[RECORDS FOR PROCESSING]:

************

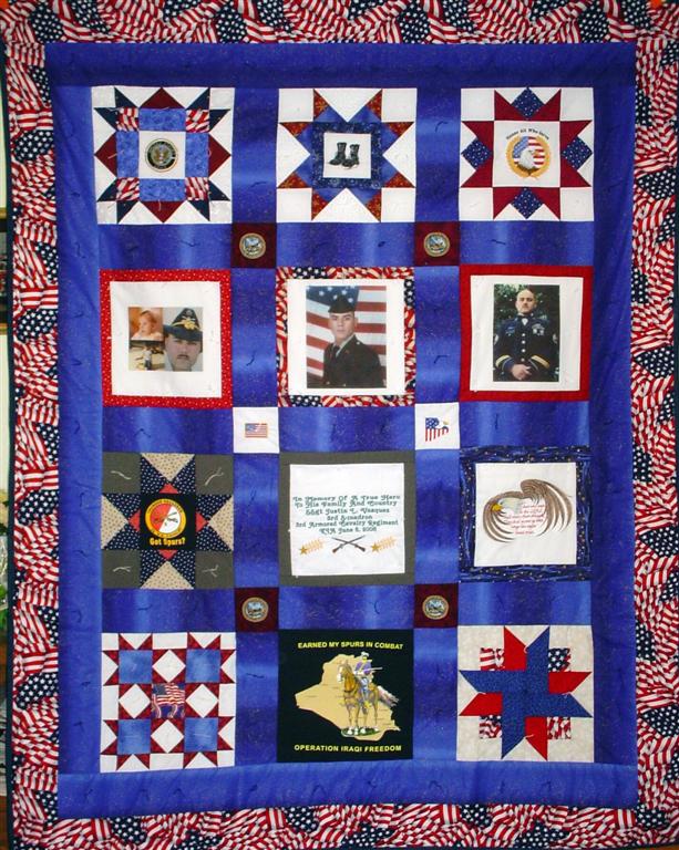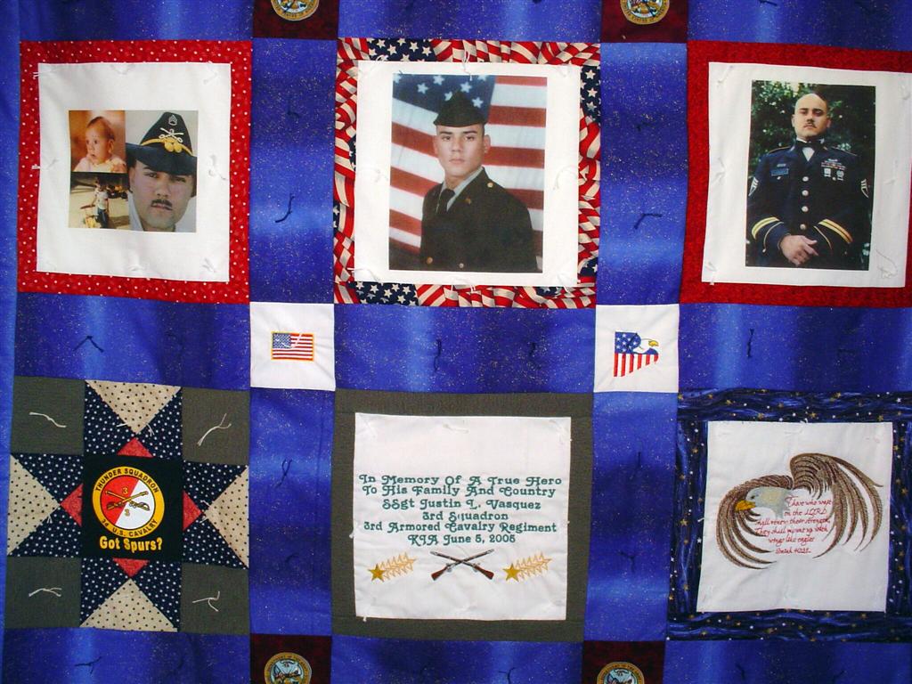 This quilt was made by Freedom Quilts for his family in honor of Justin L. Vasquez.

************

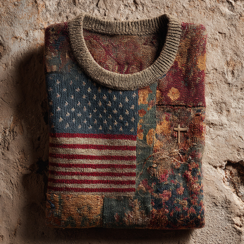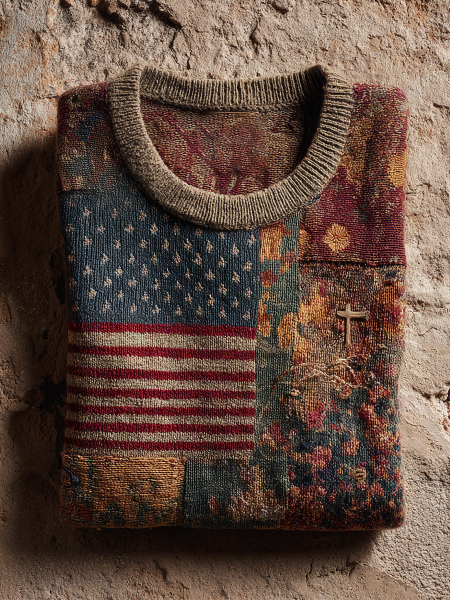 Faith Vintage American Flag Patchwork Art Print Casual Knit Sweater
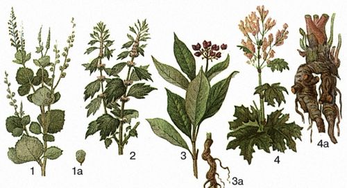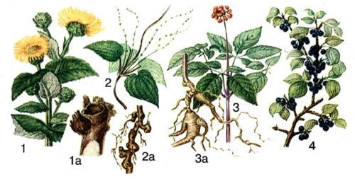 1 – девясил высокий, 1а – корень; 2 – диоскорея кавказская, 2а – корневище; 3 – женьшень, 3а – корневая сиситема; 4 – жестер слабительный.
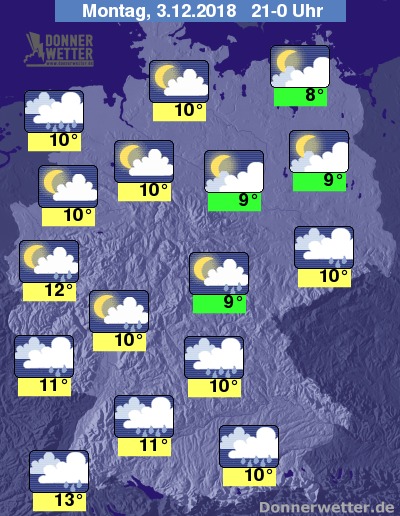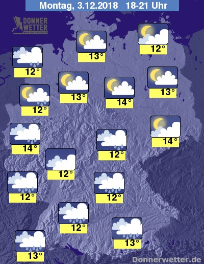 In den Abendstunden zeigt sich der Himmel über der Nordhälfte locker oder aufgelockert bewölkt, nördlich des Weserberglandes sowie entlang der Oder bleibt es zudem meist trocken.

************

[TASK DIRECTIONS]: Please transcribe exactly the part of the records that opens with the line containing "Faith Vintage American" and closes with the line containing "1 – девясил", both ends included, and leave out the pictures.

[YOUR RESPONSE]:
 Faith Vintage American Flag Patchwork Art Print Casual Knit Sweater
 1 – девясил высокий, 1а – корень; 2 – диоскорея кавказская, 2а – корневище; 3 – женьшень, 3а – корневая сиситема; 4 – жестер слабительный.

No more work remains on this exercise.